As for the results for inferring instant causality, the type of simulation affected the determination of directions. Compared with the results of single-trace simulations (Table S2), the F-measure for determining the directions of Approach 1 decreased, while that of CITL increased in multi-trace simulations (Table S3). This suggests that natural confounders, the previous expression levels of causes, could have a larger effect on instant causal relationships for multi-trace data. In this case, CITL was still a good choice for identifying instant causality.

2.1.3. Comparisons with Scribe under Different Simulation Settings

We also evaluated the performance of Scribe. In our 50-node simulations, Scribe ran much slower (about 1470 s) than single-threaded CITL (less than 10 s). Consequently, we only applied Scribe to one replicate of each simulation. The edges discovered by CITL were compared with the top-RDI edges of the same number (Table 2). Besides, we evaluated Scribe with the area under the receiver operating characteristic curve (AUROC) and the area under the precision-recall curve (AUPR). Scribe needs an appropriate threshold of RDI to discover causal edges in the single-trace simulation. In addition, Scribe and Approach 0 performed similarly in both single-trace and multi-trace simulations (Figure S1). Compared with Scribe, CITL was more stable and correctly oriented more edges in the multi-trace simulation.

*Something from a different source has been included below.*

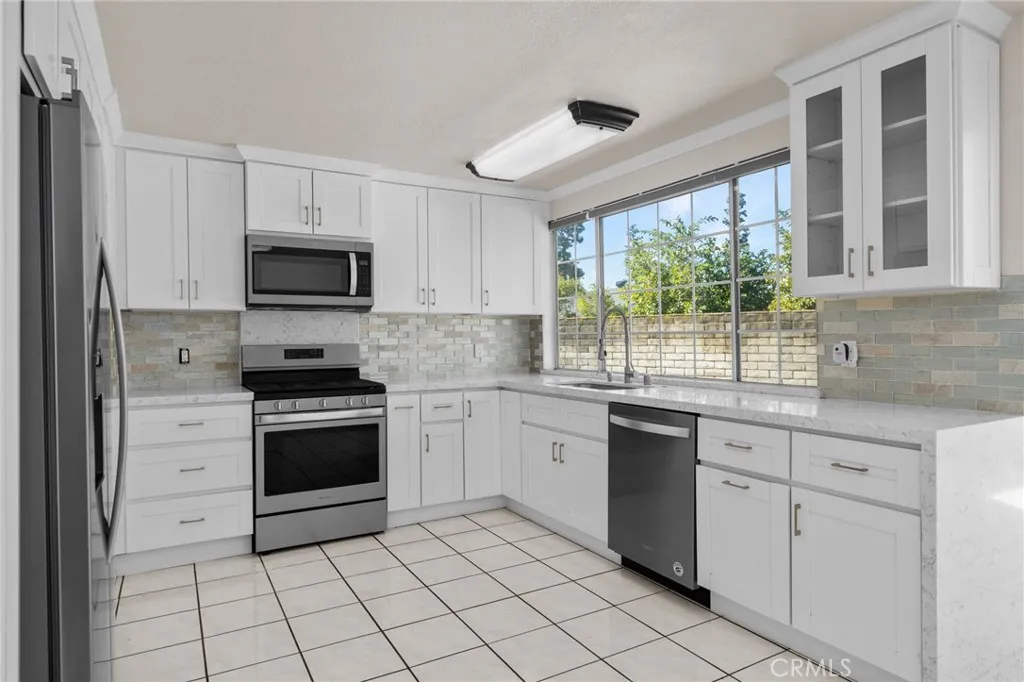 Discover the perfect blend of style, space, and comfort in this beautifully updated single-story 4-bedroom, 2-bath home with an additional den, ideally located on a quiet cul-de-sac. Freshly painted throughout, this home features elegant quartz countertops and tile flooring throughout, offering both modern style and easy maintenance. Designed for comfortable living, the functional floor plan includes a versatile den perfect for a home office, playroom, or flex space. Step outside to enjoy the expansive wrap-around backyard and side yard ideal for entertaining, gardening, or creating your own private retreat. The turf front yard provides year-round curb appeal with minimal upkeep. This move-in-ready home combines convenience, style, and space, all on one level.

We further compared Scribe with CITL through simulations conducted as previously described by [8]. In the simulation, the noise in the differential equations was set to three levels as mentioned in Section 4.3; this represented the randomness of the causal effect, the temporal fluctuation, and random error. The results are shown in Table S4. Under the low-noise and high-deviation setting, both Scribe and CITL performed well. Similarly, both approaches were affected by the high-mean noise. Considering the results in Qiu’s and our simulation set-up, CITL’s performance was more stable, and its runtime was much shorter.

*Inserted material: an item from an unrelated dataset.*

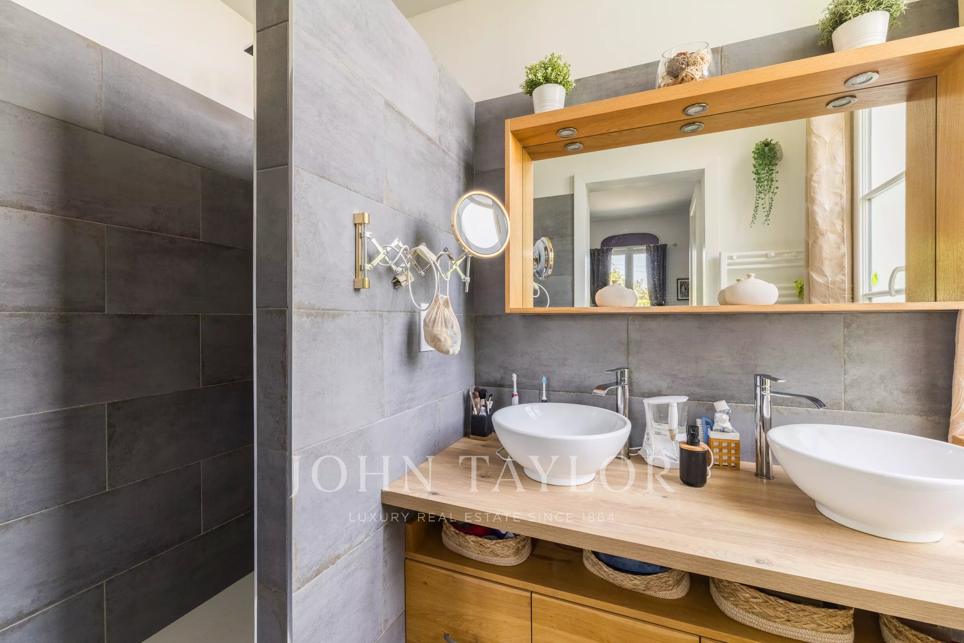 Un garage, un carport, et un espace de 25 m² à aménager à l’étage offrent encore de nombreuses possibilités. Enfin, une cave à vin et un espace de stockage viennent parfaire ce bien.

2.1.4. CITL with Asynchronous Regulations

The asynchronous regulations are time-lagged regulations with different extrapolation time steps. Therefore, the changing expression level of each asynchronous gene should be its reaction velocity multiplied with its corresponding extrapolation time step if the velocity is stable. However, the extrapolation time steps of all regulations are not available. CITL used RNA velocity to estimate the changing expression levels of all genes, assuming that the extrapolation time step used in RNA-velocity estimations is constant across cells and genes (same as [8]). The assumption could lead to a bias estimation of the changing expression levels of asynchronous genes. To evaluate the impact of asynchronous regulations on CITL, we designed simulations where the amount and degree of asynchronous regulations varied. As shown in Figure 3, in all 25 set-ups of asynchronous simulations, none of the metrics were significantly different from those of the control. This shows that the asynchronous regulations had less impact on the performance of CITL for both discovering time-lagged relationships and determining causal directions. Under such a bias estimation of the changing gene expression, CITL maintains its ability to infer time-lagged causal relationships.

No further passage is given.